I am told there are, in fact, a few galaxies in the void. So let's say I pick a spot in the void that is as far from any of those galaxies as possible.
Best Answer
Individual sources
The number density of galaxies in a void is typically an order of magnitude lower than the average in the Universe (e.g. Patiri et al. 2006). In this astronomy.SE post, I estimate the number density of galaxies of magnitude $M=-17$ or brighter in the Boötes Void to be $n \sim 0.004\,\mathrm{Mpc}^{-3}$, or $10^{-4}\,\mathrm{Mlyr}^{-3}$ (i.e. "per cubic mega-light-year"). Hence, the typical distance to a galaxy from a random point in the Boötes Void is $$ d = \left( \frac{3}{4\pi n} \right)^{1/3} \simeq 13\,\mathrm{Mlyr}. $$
Although some galaxies will be brighter than $M=-17$, the number density declines fast with brightness; for instance, galaxies that are 10 times brighter are roughly 100 times rarer, meaning that they're on average 5 times more distant and hence appear 25 times fainter. On the other hand, the number density of galaxies fainter than $M=-17$ doesn't increase that fast (in astronomish: $-17$ is close to $M^*$; "M-star").
So for the sake of this calculation, let's assume that the closest galaxy is an $M=-17$ galaxy at a distance of $13\,\mathrm{Mlyr}$. That distance corresponds to a distance modulus of $\mu \simeq 28$, so the apparent magnitude of the galaxy would be $$ m = M + \mu \simeq 11. $$
Typically, humans cannot see objects darker than $m \simeq 6.5$ (the magnitude scale is backwards, so darker means "larger values than 6.5"), although some have claimed to be able to see $m\simeq8$ — still an order of magnitude brighter than the $m=11$ estimated above.

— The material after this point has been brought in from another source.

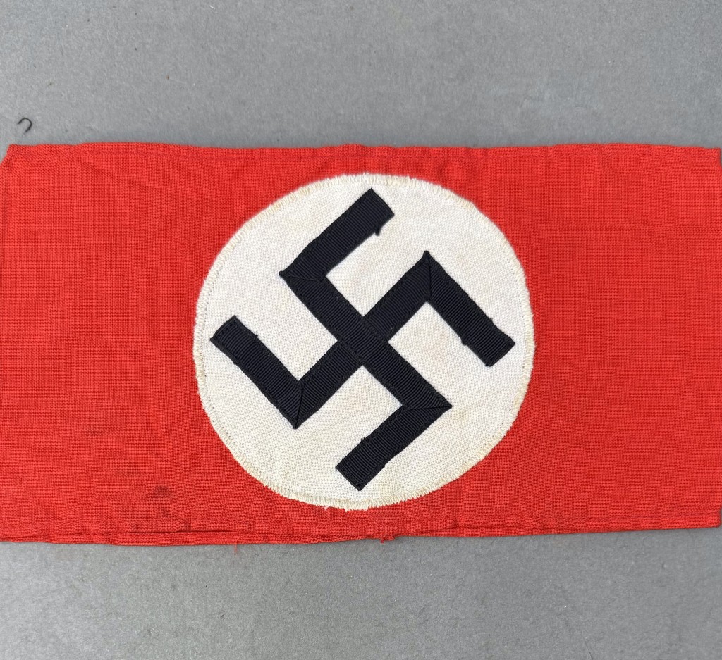Original WWII Nazi German Multi-piece Construction Armband With RZM Tag Brought Home By A U.S. Veteran. A U.S. vet bring back in good used condition. Some light wear from storage and use. Deluxe version of the Nazi Arm Band. The most recognizable pieces of insignia associated with the Nazi regime is the swastika armband. Utilized by pretty much by all the organization of the Third Reich in one form or another. The swastika, (a Sanskrit word meaning “well-being”), is an ancient symbol that was utilized in numerous diverse cultures and signified both the cycle of life and the sun. The swastika was also a Nordic rune and the pagan Germanic symbol for Thor, God of Adventurers. A high-quality cotton cloth materiel. approximately 9cm diameter separate piece sewn white disk, and high-quality multi-piece swastika. (See photos). Still has the original paper RZM tag! (SEE PHOTOS) A nice quality example. A very good earlier example. Gettysburg Museum Certified (COA) provided. Rare 100% Guaranteed to be authentic. Brought home by a U.S Veteran as a trophy of war. Sold for historic purposes only. See our other pieces on our web site. Also note when browsing our web site there are several pages of items, at the bottom of the list look for other page numbers. Do not miss this one! NICE EXAMPLE! Armbands and are in HIGH DEMAND! Don’t Miss it! Scarce with the RZM tag attached to the armband. Clean almost mint example with slight storage wear.

Moreover, this threshold assumes point sources, whereas a galaxy has its brightness smeared out over a quite large area, lowering its surface brightness significantly!$^\dagger$. Note also that, as in the rest of the Universe, galaxies in voids are not completely randomly scattered throughout space, but tend to cluster in clumps and filaments, and that the number density is smaller in the center of the void, meaning that here the typical distance to the next galaxy is larger.
Hence, you would — at a random position in the Böoted Void — be most likely to be floating in complete darkness.$^\ddagger$
Background radiation
The combined light from all astrophysical and cosmological sources comprises a cosmic background radiation (CBR), meaning that at any time your eye does indeed receive photons across the entire electromagnetic spectrum. Thus the term "complete darkness" may be debated. On average, this background is dominated by the cosmic microwave background (if you're close to a star or a galaxy, those sources will dominate, but then it isn't really a "background" any longer).
In this answer, I estimate the total background in the visible region (from sources outside the Milky Way) to be roughly $3.6\times10^{-8}\,\mathrm{W}\,\mathrm{m}^{-2}$. If I've done my maths right, this corresponds to a the light from a 25 W light bulb, smeared out over a 15 km diameter sphere with you in the center. The Böotes Void would have an even lower background than this. I'm not a physiologist, but I think this qualifies as "complete darkness" (to the human eye; not to a telescope).
$^\dagger$For instance, the Andromeda galaxy has an apparent magnitude of $m=3.44$ which, if its light were concentrated in a point, would make it easily visibly even under light-polluted conditions.
$^\ddagger$Your eye might be able to detect individual photons, at stated in Árpád Szendrei's answer, but that hardly counts as "seeing anything".